Litmus exposes a Model Context Protocol (MCP) server whose tools expose run/query/authoring actions to AI assistants. The platform does not call LLMs itself — it only exposes tools that an AI agent drives.

This page is the operational how-to: registering Litmus with each supported AI client. For motivation see concepts/why-ai-integration; for the end-to-end workflow walkthrough see datasheet-to-test; for the full inventory of shipped skills + sub-agents + slash commands see reference/skills. Per-tool MCP reference: api.md → MCP tools.

CLI as a peer surface. Any agent with a terminal — Claude Code with Bash, Cursor with terminal, the GitHub Copilot CLI — can drive Litmus through litmus … commands instead of (or alongside) MCP. The CLI surface mirrors most of the MCP tools (litmus runs, litmus show, litmus discover, litmus metrics, litmus schema, litmus validate, …). See reference/cli. This page is for AI clients that speak MCP natively.

Prerequisites. litmus installed and on $PATH (pip install litmus-test — distribution litmus-test, import litmus). One of the supported AI clients listed below — Claude Code, Claude Desktop, GitHub Copilot, Cursor, or Cline. A working project directory (litmus init to scaffold one). For litmus_run, a station configured in stations/ — note litmus_run always executes in mock mode (see below).

Setup #

litmus setup <client> writes the right MCP config file for each supported client. All litmus setup <client> commands accept --print-only to show the config that would be written without modifying anything on disk.

Client	Command	What gets written
Claude Code (CLI)	`litmus setup claude-code`	Registers the MCP server via `claude mcp add litmus`, copies skill stubs to `.claude/commands/`, and creates / updates `./CLAUDE.md`
Claude Desktop	`litmus setup claude-desktop`	Builds a `litmus.mcpb` Desktop Extension bundle on the user's Desktop (zip) for double-click install. Use `--legacy` to write `~/.config/Claude/claude_desktop_config.json` directly instead.
GitHub Copilot Chat	`litmus setup copilot`	Project-local `.vscode/mcp.json` plus `.github/copilot-instructions.md`
Cursor	`litmus setup cursor`	Project-local `.cursor/mcp.json`
Cline (VS Code)	`litmus setup cline`	`cline_mcp_settings.json` in VS Code User settings (`~/.config/Code/User/` on Linux, `~/Library/Application Support/Code/User/` on macOS, `~/AppData/Roaming/Code/User/` on Windows)
Anything else	`litmus mcp serve` directly	You configure your AI client manually

After running any setup command, restart the client to pick up the new MCP server. To confirm it registered, ask the assistant to list its tools (or open the client's MCP panel) — the litmus_* tools should appear. If they don't, the client didn't load the server: re-run the setup command, restart the client again, and confirm the config file from the table above was written.

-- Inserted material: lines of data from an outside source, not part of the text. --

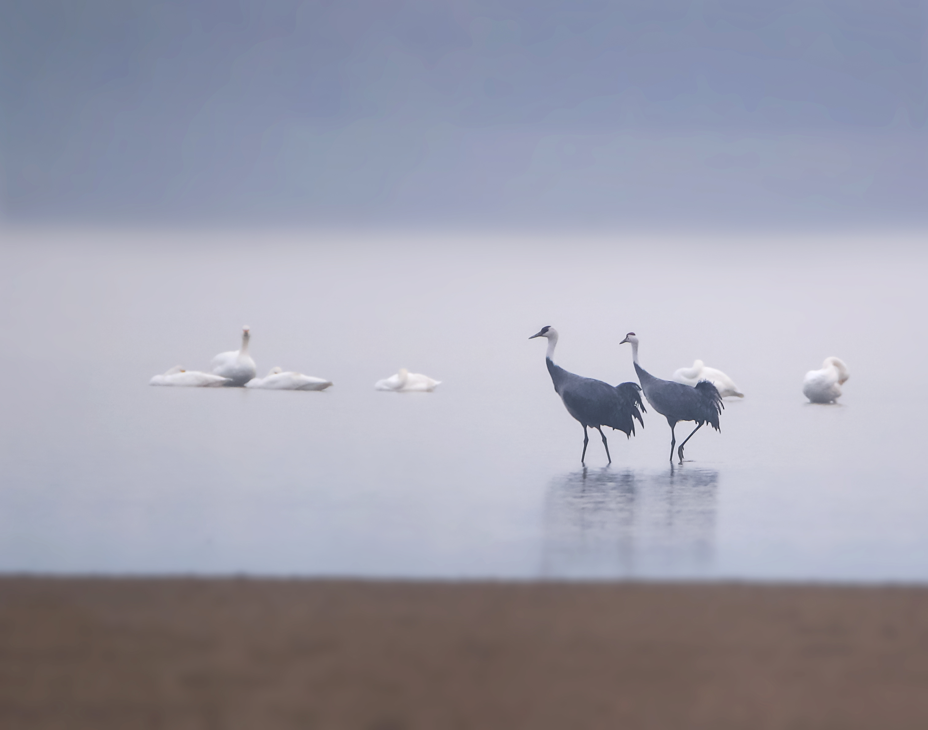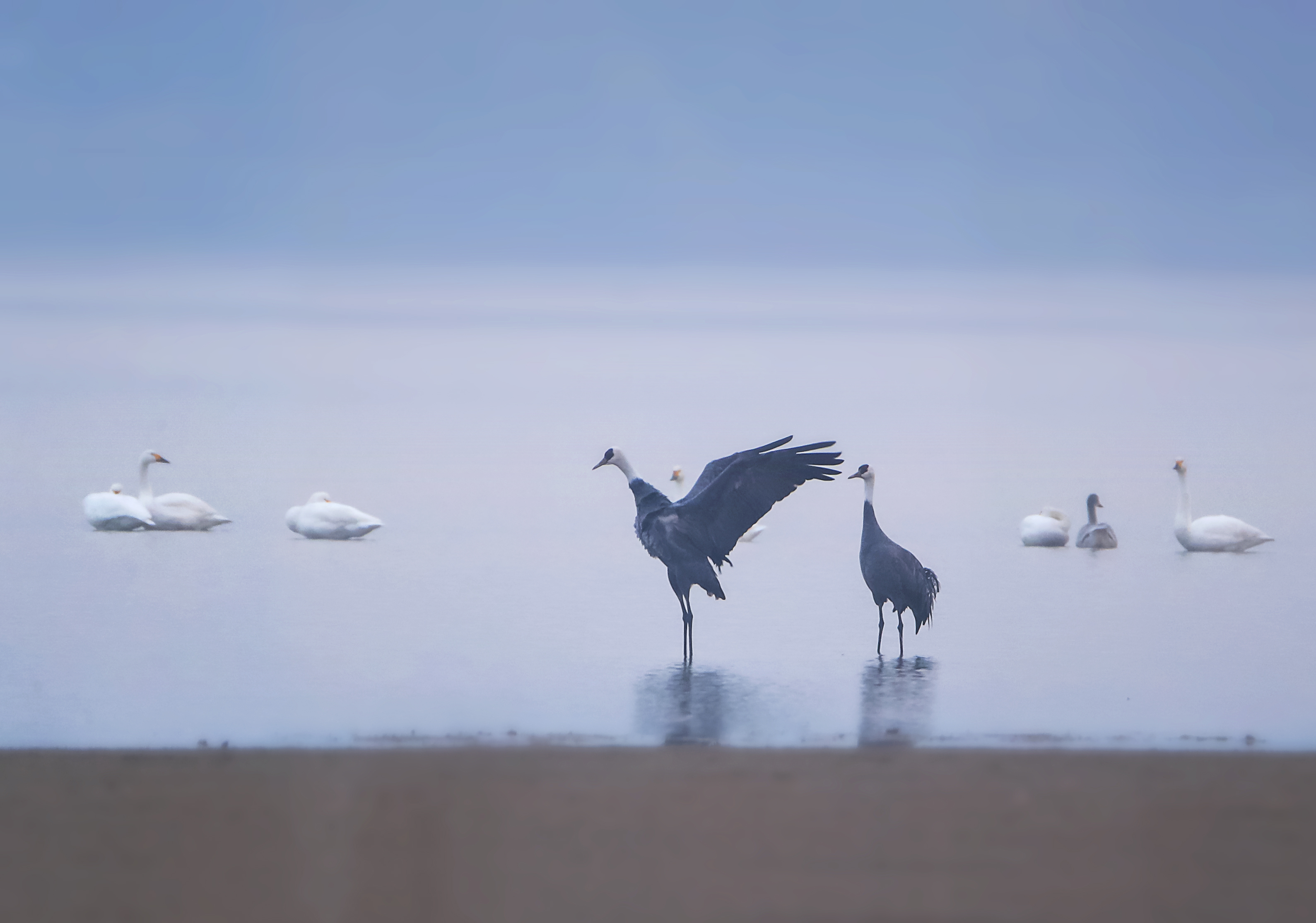 孙葆根是一名拍鸟爱好者,2019年11月17日7时,他带上摄影设备前往安徽庐阳董铺国家湿地公园拍摄迁徙的候鸟。两只漫步在滩涂中的“大鸟”引起他的注意。这两只鸟灰衣素裳,头颈雪白,眼睛前面和额部还长有黑色的羽毛,孙葆根误以为是丹顶鹤,连忙按下了快门,一连拍摄了数十张。
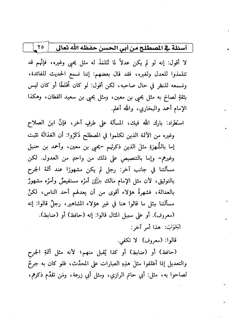 السؤال2 استطراد: بارك الله فيك، المسألة على طرف آخر، فإن ابن الصلاح وغيره من الأئمة الذين تكلموا في المصطلح ذكروا: أن العدالة تثبت إما بالشهرة مثل الذين ذكرتهم -يحيى بن معين، وأحمد بن حنبل وغيرهم- وإما بالتنصيص على ذلك من واحد من العدول، لكن مسألتنا في جانب آخر: رجل لم يكن مشهورًا عند أئمة الجرح بالتوثيق، لأن مثل الإمام مالك رحمه الله تعالى أمره مستفيض وأمره مشهور بالعدالة، فشهرة هؤلاء أقوى من أن يعدلهم أحد الناس لكن مسألتنا مثل ما قالوا هنا في غير هؤلاء المشاهير، رجل قالوا: إنه (معروف). أو على سبيل المثال قالوا: إنه (حافظ) أو (ضابط).
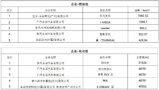 在兩天的比賽中,共有來自全國各大高校、Honda 關(guān)聯(lián)企業(yè)的近 60 支車隊,在燃油車和電動車的兩個級別四個組別中進(jìn)行了激烈角逐。最終燃油車級別的桂冠由吉林大學(xué)肯賽節(jié)能車隊和五羊-本田摩托(廣州)有限公司陽光車隊,電動車級別桂冠由北京理工大學(xué)翼昇 2 隊和東風(fēng)本田汽車有限公司創(chuàng)未來車隊斬獲。
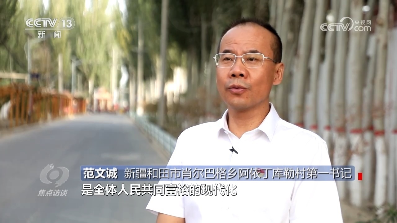 新疆和田市肖爾巴格鄉(xiāng)阿依丁庫勒村第一書記范文誠:“中國式現(xiàn)代化是人口規(guī)模巨大的現(xiàn)代化,是全體人民共同富裕的現(xiàn)代化,將理論聯(lián)系當(dāng)前的農(nóng)村實(shí)際相切合,要始終堅(jiān)持從人民出發(fā)、從實(shí)際出發(fā),分類確定建設(shè)發(fā)展模式、特色產(chǎn)業(yè)。”
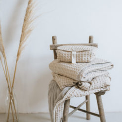 Waffelstoff von Koeka; wer kennt ihn nicht? Der waffelgeprägte Baumwollstoff ist eine coole Version der old school Retro-Waffeldecken aus den Siebzigern. Waffelprodukte sind unsere absoluten Bestseller und in einer so großen Farbauswahl erhältlich, dass es sicher eine Farbe gibt, die auch zu dir passt. Außerdem bringen wir regelmäßig eine neue Trendfarbe auf den Markt, also behaltet unsere Waffelartikel im Auge! Wusstest du, dass sich die Namen von Waffelprodukten auf das verwendete Futter beziehen? Amsterdam ist Waffel mit Frottee, Antwerpen ist Waffel mit Flanell oder Frottee und Oslo ist Waffel mit Teddy.

If the claude CLI isn't on $PATH, litmus setup claude-code prints the manual claude mcp add … command for you to run instead of registering automatically. For the VS Code clients, run with --print-only first to preview the exact .vscode/mcp.json / .cursor/mcp.json it will write.

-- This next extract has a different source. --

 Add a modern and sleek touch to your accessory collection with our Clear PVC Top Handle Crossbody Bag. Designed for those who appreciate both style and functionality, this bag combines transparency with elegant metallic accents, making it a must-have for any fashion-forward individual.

To print the exact command Litmus registers (for a manual setup):

litmus setup show

For the manual path (any client that doesn't have a litmus setup subcommand), start the server with:

litmus mcp serve
# command: litmus
# args: ["mcp", "serve"]
# transport: stdio

Add a server entry to your AI client's MCP config pointing at the above. See litmus setup claude-desktop --print-only for a working example you can adapt.

The MCP tools #

Tool	Purpose	Detail
`litmus_project`	Unified CRUD: init, list, get, save, read	details below
`litmus_discover`	Scan for connected instruments across all registered protocols (VISA, NI, serial, …)	Returns the list of resources reachable on this host
`litmus_match`	Find compatible instruments and stations	Two modes: requirements (catalog recommendation) and station (compatibility check)
`litmus_run`	Execute a test file via pytest, return exit summary	details below
`litmus_open`	Get a browser URL for the operator UI	Allowed `type`: `part`, `station`, `run`, `fixture`
`litmus_schema`	Get the JSON Schema for a YAML type	For AI clients that want to validate before saving
`litmus_events`	Query the event store	Filter by session / event type
`litmus_sessions`	List sessions with metadata	Each session = one `connect()` lifetime or pytest run
`litmus_channels`	Query channel data from the streaming store	For waveform / time-series readouts referenced by events
`litmus_files`	List FileStore artifacts (blobs, waveforms, streaming captures)	Each row carries its `file://` URI, name, format, session / run id, created_at
`litmus_metrics`	Compute yield / Pareto / Ppk / retest / time-loss	Aggregations over a date range
`litmus_runs`	Query the runs view (filtered, paginated)	Same data the operator-UI runs list reads
`litmus_steps`	Query the steps view (one row per step execution)	Step-level rollup with outcome and timing

For each tool's full parameter list and return shape, see api.md.

`litmus_project` #

The CRUD entry point. One tool with an action: argument; the rest of the workflow goes through it.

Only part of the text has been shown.